They could do it twice!
The strategy at 3:30 is so gangster...boy have I gotten rusty with proofs.
I agree. That is one of my favorite proof techniques: showing all of a certain thing are equivalent to each other by showing that they are all equivalent to a specific thing.
I'm glad you addressed the idea of melting one, I was going to ask how that differs from making an enormous, but still finite, number of cuts. It seems that the answer is that any cut must also result in a piece with edges and angles, so that you can still compute the Dehn invariant?
Crystal clear explanation. Would love to see more.
The cool thing Dehn invariant: although you can't turn a tetrahedron into a cube, if you chop of the corners (just right), you get a shape the can be turned into a cube.

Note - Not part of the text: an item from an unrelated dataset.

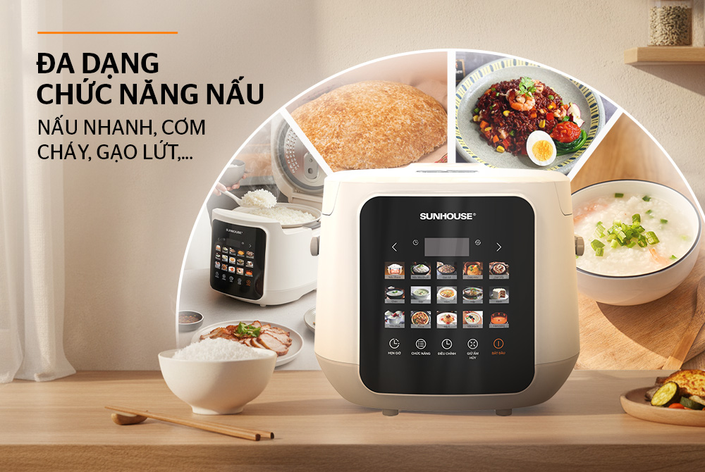 Nồi cơm điện tử 1.8L Sunhouse SHD8925 được trang bị 15 chế độ nấu tự động, đáp ứng trọn vẹn mọi nhu cầu nấu nướng của gia đình hiện đại. Trong đó, đặc biệt phải kể đến chức năng Nấu nhanh giúp rút ngắn thời gian chế biến mà vẫn đảm bảo cơm chín đều, dẻo thơm – lý tưởng cho những ngày bận rộn.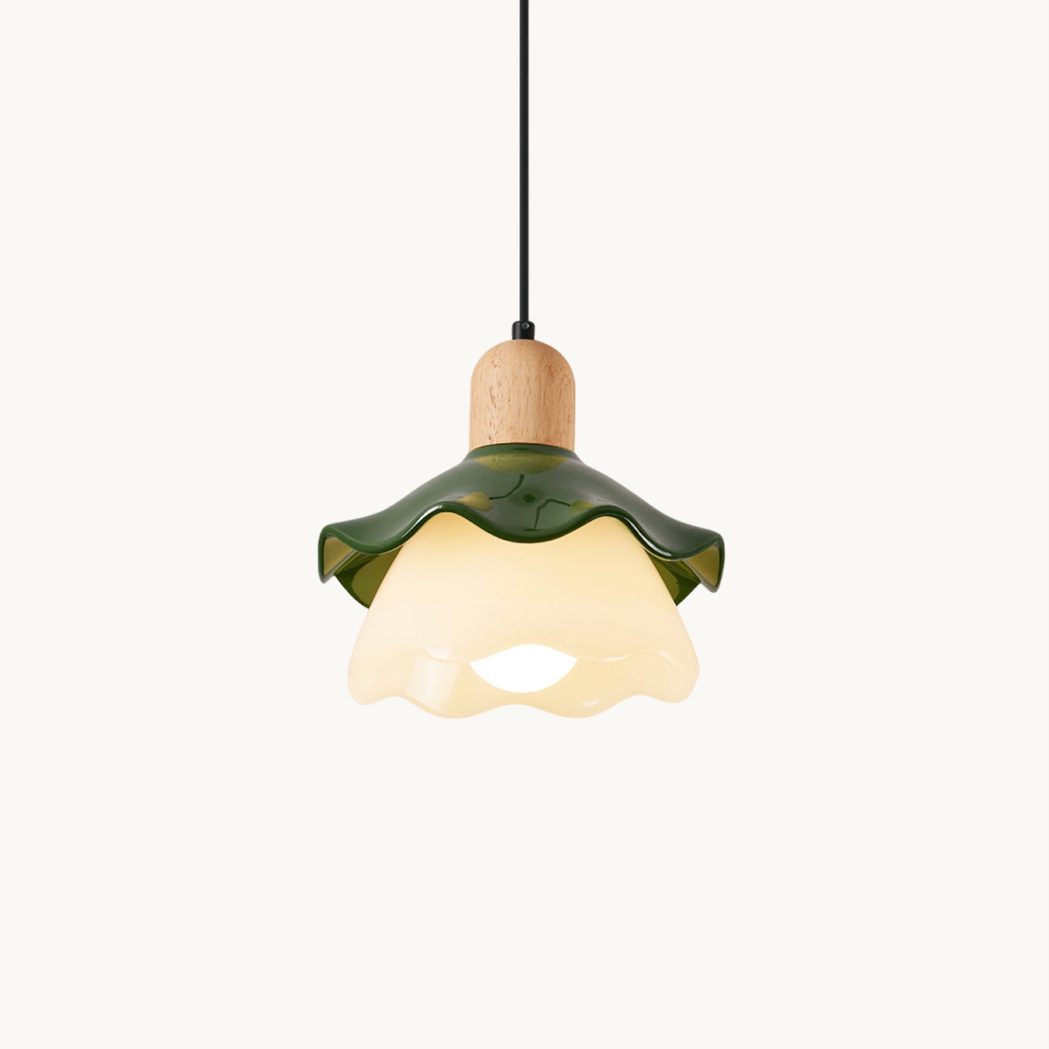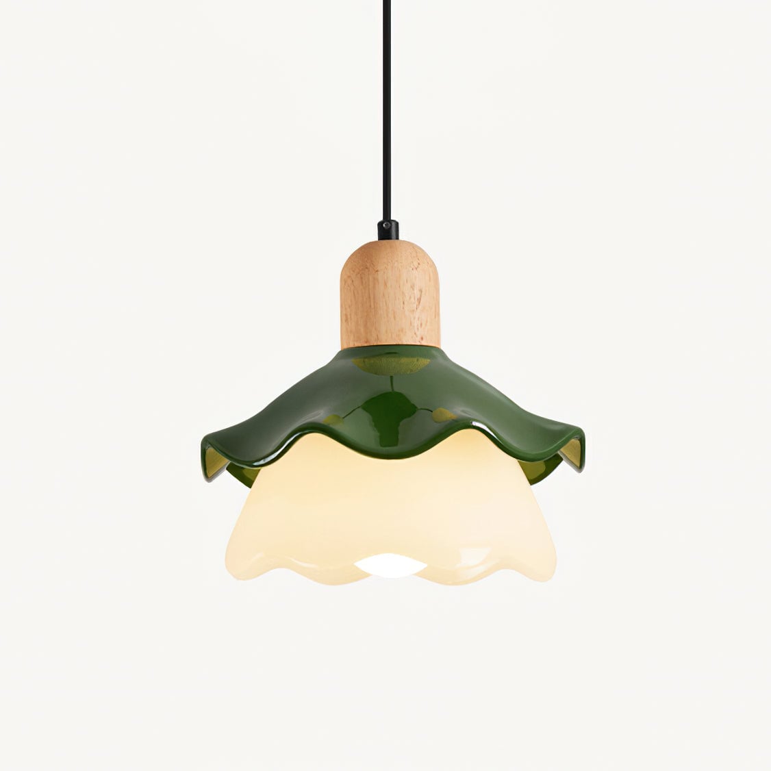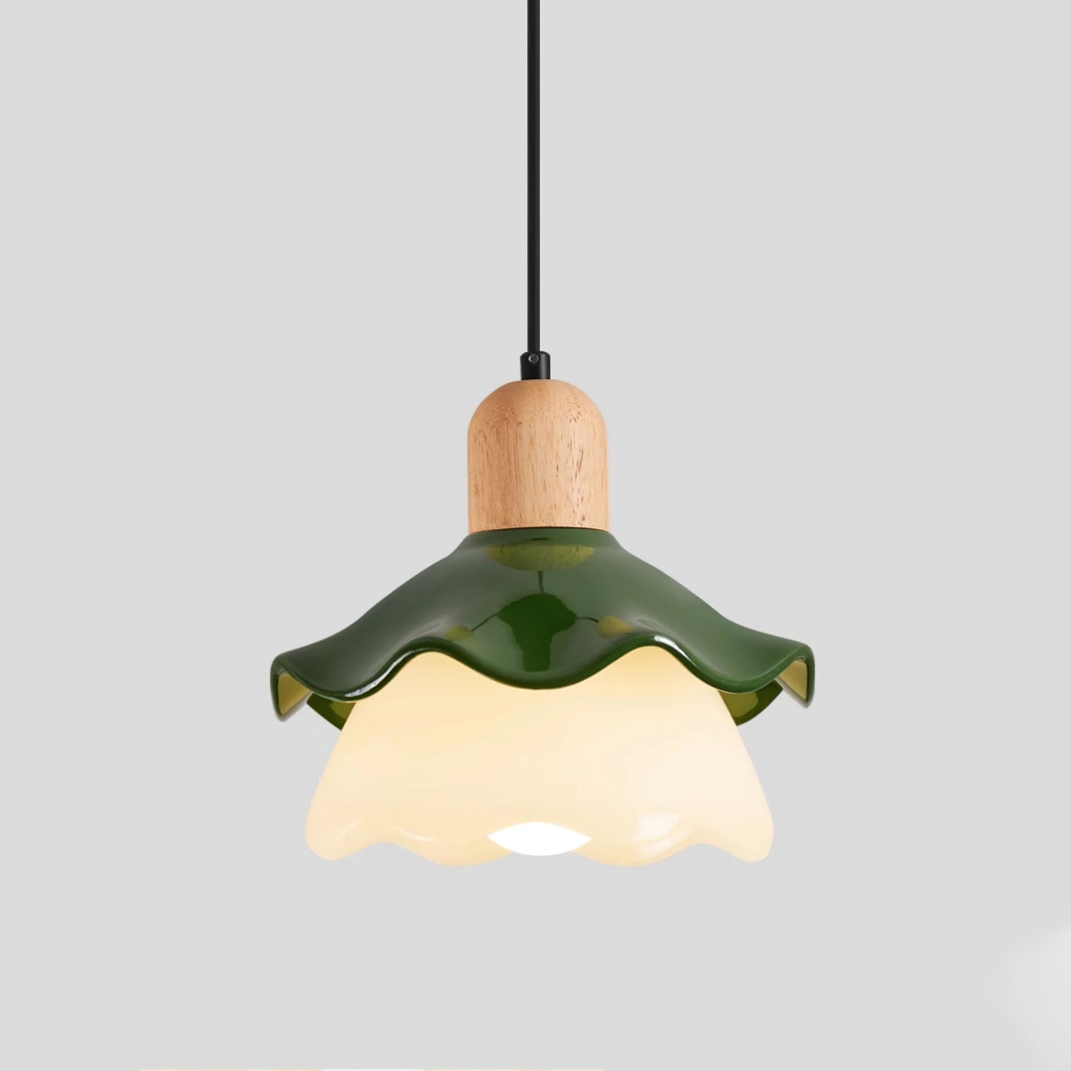 The Atolye Flower Pendant Lamp by Mooijane combines the warmth of natural wood with the elegance of modern design. Inspired by the graceful curves of a flower, its resin shade diffuses a soft, translucent glow, casting a warm and soothing halo. The wooden top showcases the natural grain, adding organic character and contrast.

If you scale a solid by factor 1/2 (with volume 1/8 of the original) and use 2 of them, that will have the same Dehn invariant. Or have one that's 1/3 and one that's 2/3. Or you have several, as long as all scale factors add up to 1.
Take that original solid and cut off the scaled down solids. For example, have a dodecahedron with side 3 and cut off a dodecahedron with side 1 and a dodecahedron with side 2. Or start with a tetrahedron with side 1 and cut off 2 tetrahedra each with side 1/2. Or instead cut off 4 tetraedra each with side 1/4. Or... whatever.
Because you cut off something with the same Dehn invariant, you end up with something with Dehn invariant zero, same as the cube. That means you should then be able to cut it up and reassemble into a cube.
This filled my heart with an indescribable amount of joy that's quite hard to explain. Not sure if it was the Dehn's clever invariant or Dr. Litt's smile and cheerful nature. Perhaps a combination of both! :)
Extremely simple description. I read this proof before and had a real hard time understanding that. But Daniel explained it very simple and elegant. I'm amazed.
This was one of the most amazing videos on this channel. Daniel Litt is an amazing teacher.
One of the best Numberphile episodes ever.
Even with the tensor product that looks a bit shady it's still a fascinating proof and your video managed to capture that.
Congrats!
This was absolutely fantastic. I love your channel!
5:59
"And then we undo all of that to get what we wanted at the beginning"
*Brady.exe has stopped doing*
"Cool"
I first learned about this in Ch. 27 of Robin Hartshorne's Geometry: Euclid and Beyond. Fantastic book.
TIL Hartshorne wrote more than the algebraic geometry book
Lol this is the second video I've seen you on today. The first being "David Nadler: 2016 Breakthrough Prize in Mathematics Symposium"
@@jonhillery7736 Wow, forgot I left that comment lol. Still have a long way to go ^_^
@@Israel2.3.2 Don't we all. I'm excited to be taking Nadler's algebraic geometry course in the fall
@@jonhillery7736 Try his book on deformation theory ;)
Dehn: solves one of the Hilbert problems
Numberphile: it was clever..
I watched this last night around 2am because I couldn’t sleep. Then today I went back to look again for an invariant among some things I’ve been studying. Found one! I think it’s a good one! Thanks for the inspiration, Dehn and Numberphile!
I watched it straight till the end. And I am not the guy who watches a 15 min video without forwarding. Numberphile you rock!!
Loved this one! Enough detail to grok the proofs!
More of this harder abstract stuff ! Brilliant episode
Been hoping for a video on this forever! Awesome
This is the kind of video I subscribed for years ago. Very interesting and insightful. Thank you!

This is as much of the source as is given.